• Exercise
Only the lines from the one that contains "Una agua micelar" to the last line below, both included, should be transcribed. Pictures stay out of the copy.

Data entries
-=-=-=-=-

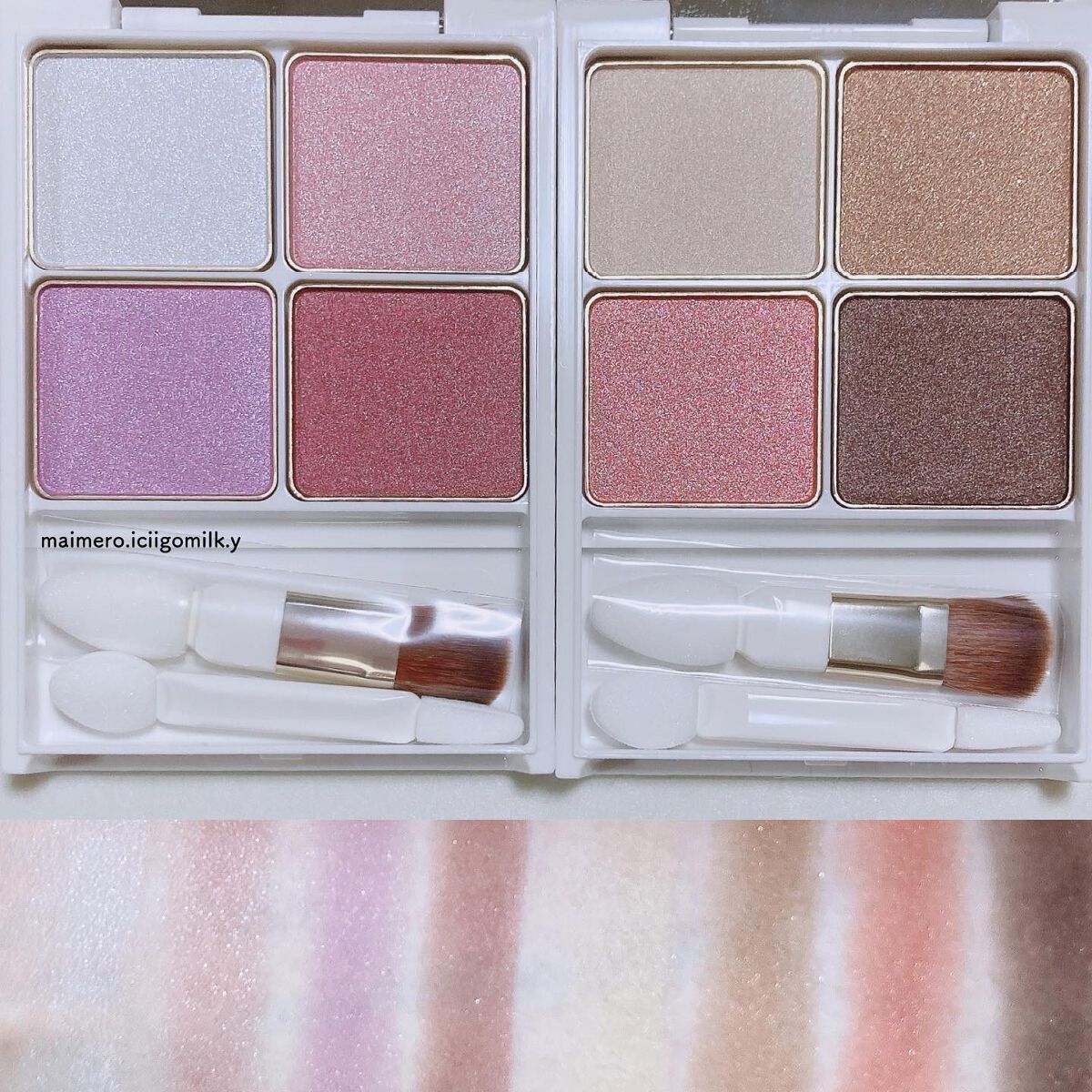 まず、色味がどんぴしゃだいすき💓 どちらをメインに使っても大人かわいいが作れる! あと、ラメも偏向がかかってて角度によって変わる色味がよりうるっと感を出してくれます。 気になるところは、色味が淡いのでぼけやすいかなぁ。あと、色もちもさほどかな。 ただこのお値段で、わたしは大満足です🙌
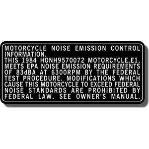 Noise Emission Control decal for the 1985 ATC 250R and for the 1985 ATC 250SX.
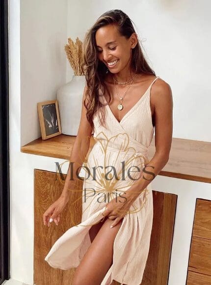 Sa coupe portefeuille est rehaussée par une taille empire et une encolure croisée en V pour une allure parfaitement chic. Son dos nu conjugue légèreté et élégance tandis que sa taille empire sublime ta silhouette, et son bas fendu t’assure un look féminin.
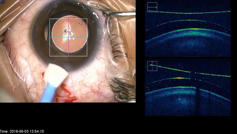 廈門(mén)大學(xué)附屬廈門(mén)眼科中心總院長(cháng)黎曉新教授已使用該術(shù)中OCT完成了不少眼底手術(shù),她以黃斑手術(shù)為例介紹說(shuō),作為視網(wǎng)膜重要的結構,黃斑手術(shù)的精密度要求非常高。在黃斑裂孔手術(shù)中,術(shù)中OCT可以實(shí)時(shí)監控整個(gè)過(guò)程,核心步驟完成,可以立即掃描,觀(guān)察OCT來(lái)評估手術(shù)作用,預測術(shù)后恢復,對于手術(shù)起到重大的保障和提高,使得手術(shù)質(zhì)量得到跨越式地提升。
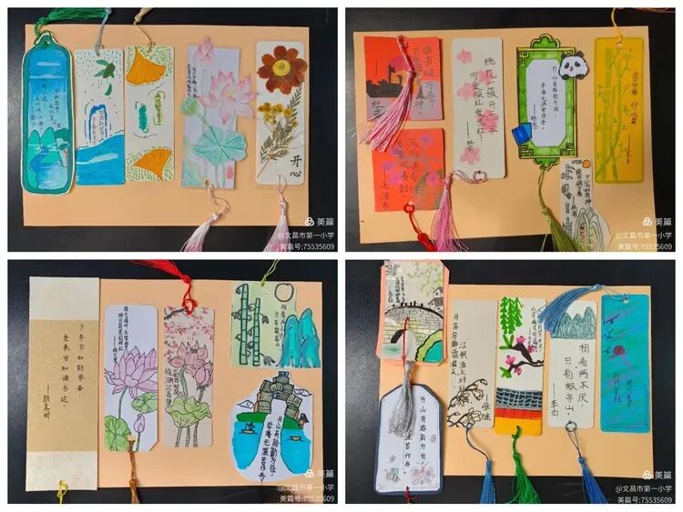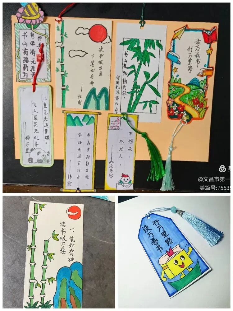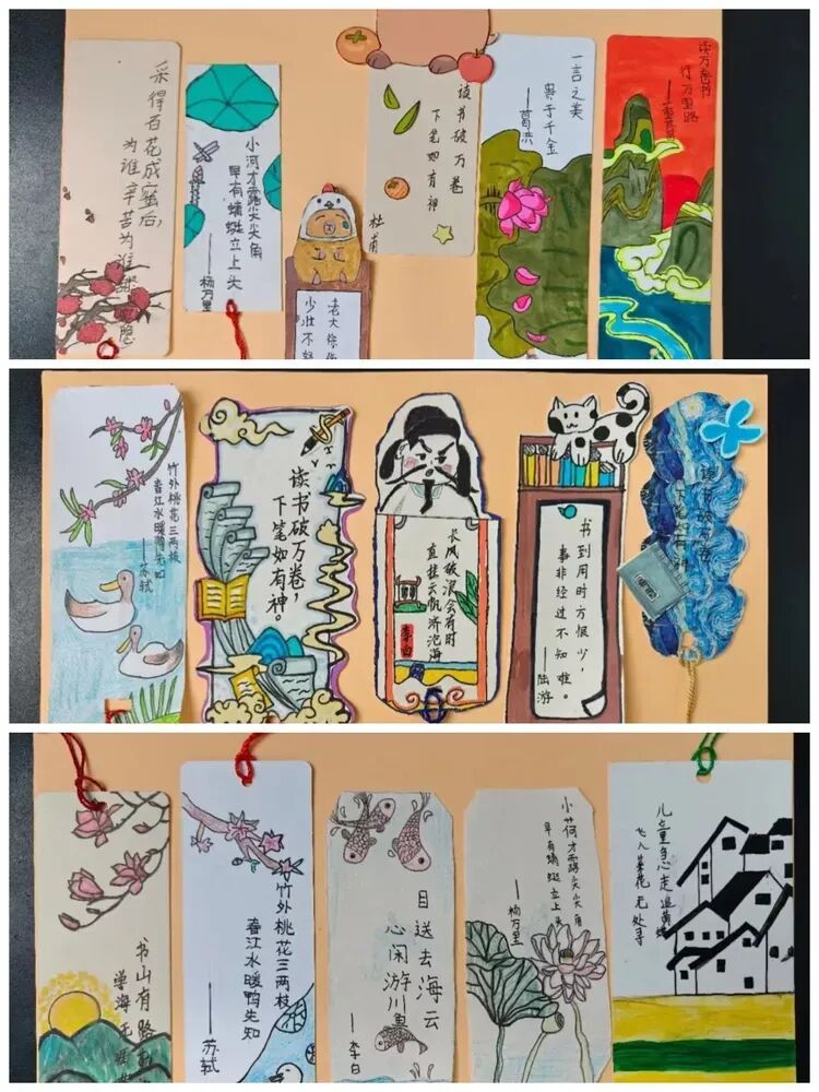 三四年级的同学用彩笔在卡纸上把喜欢的读书格言,和脑海里的阅读画面融在一起,有的画得灵动可爱,有的做成立体小卡,还有的用彩绳系出精巧的挂饰。那些小小的书签,裹着墨香与创意,被小心放进书本里,成了阅读时最贴心的“小陪伴”。每一张作品,更是把“方寸之间藏书香”的巧思,展得淋漓尽致。
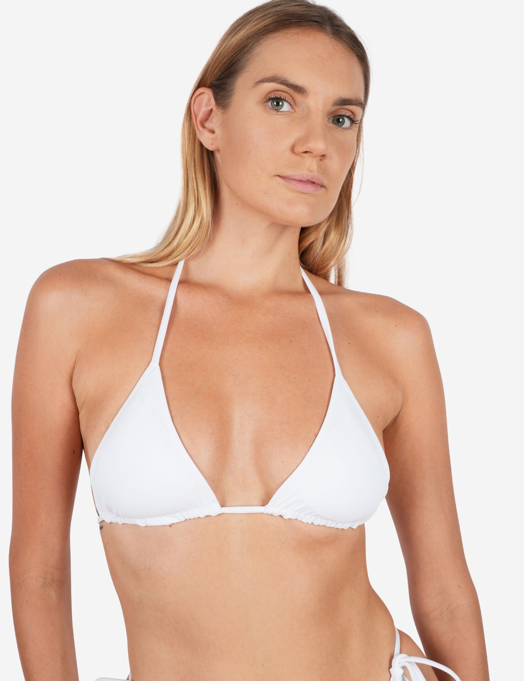 Dieses Triangel-Bikini-Top hat herausnehmbare Cups und lässt sich durch Bänder zum Schnüren im Nacken und Rücken individuell anpassen. Goldfarbene Stopper an den Enden der Bänder setzen dabei elegante Akzente. Gefertigt aus recycelten Materialien wie alten Fischernetzen und Teppichresten, entsteht das Top unter fairen Bedingungen auf Bali. Der Stoff ist schnelltrocknend, formbeständig und fühlt sich an wie eine zweite Haut.
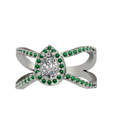 Beyaz zirkon ve yeşil kuvars 14 ayar beyaz altın yüzük
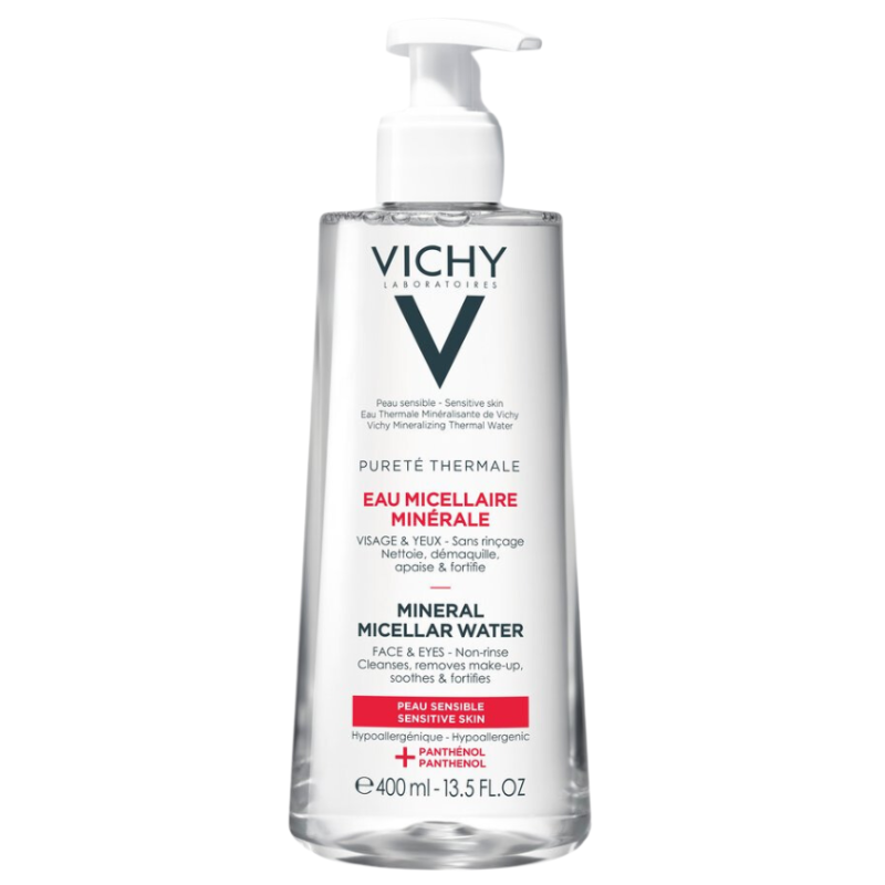 Una agua micelar eficaz, enriquecida con Agua Mineralizante de Vichy y pantenol calmante.
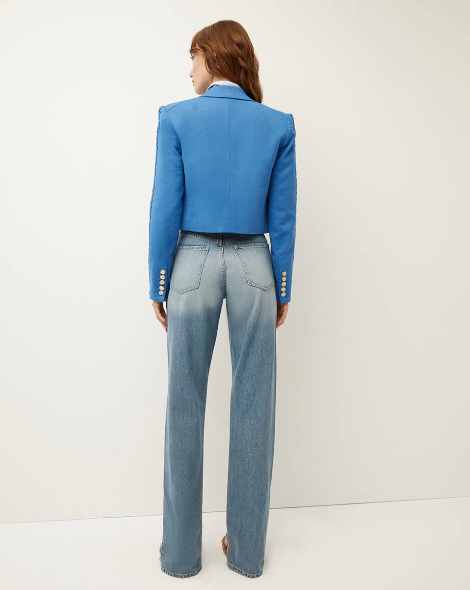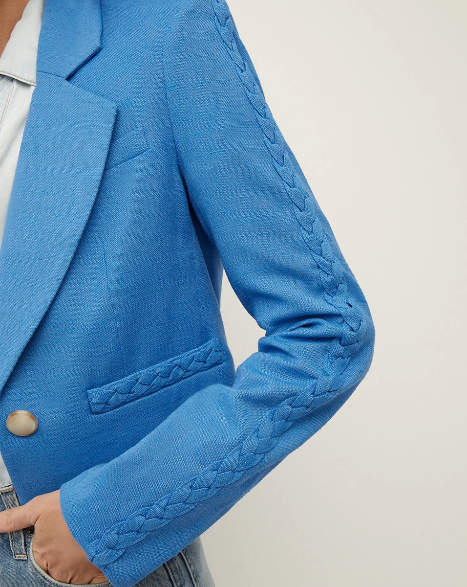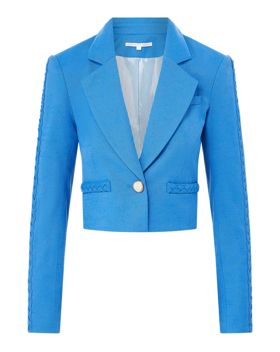 Meet the Behren in bold azure, our fashion-forward take on the cropped jacket. A masterclass in precision tailoring, this single-breasted style features a trim, boxy fit, padded shoulders and decorative braiding along the pockets and sleeves. A wide notched lapel and a statement crest button complete the look. Pair with jeans for daytime polish or layer over a minidress for a glam night out.

-=-=-=-=-

• Solution for this problem
 Una agua micelar eficaz, enriquecida con Agua Mineralizante de Vichy y pantenol calmante.
 Meet the Behren in bold azure, our fashion-forward take on the cropped jacket. A masterclass in precision tailoring, this single-breasted style features a trim, boxy fit, padded shoulders and decorative braiding along the pockets and sleeves. A wide notched lapel and a statement crest button complete the look. Pair with jeans for daytime polish or layer over a minidress for a glam night out.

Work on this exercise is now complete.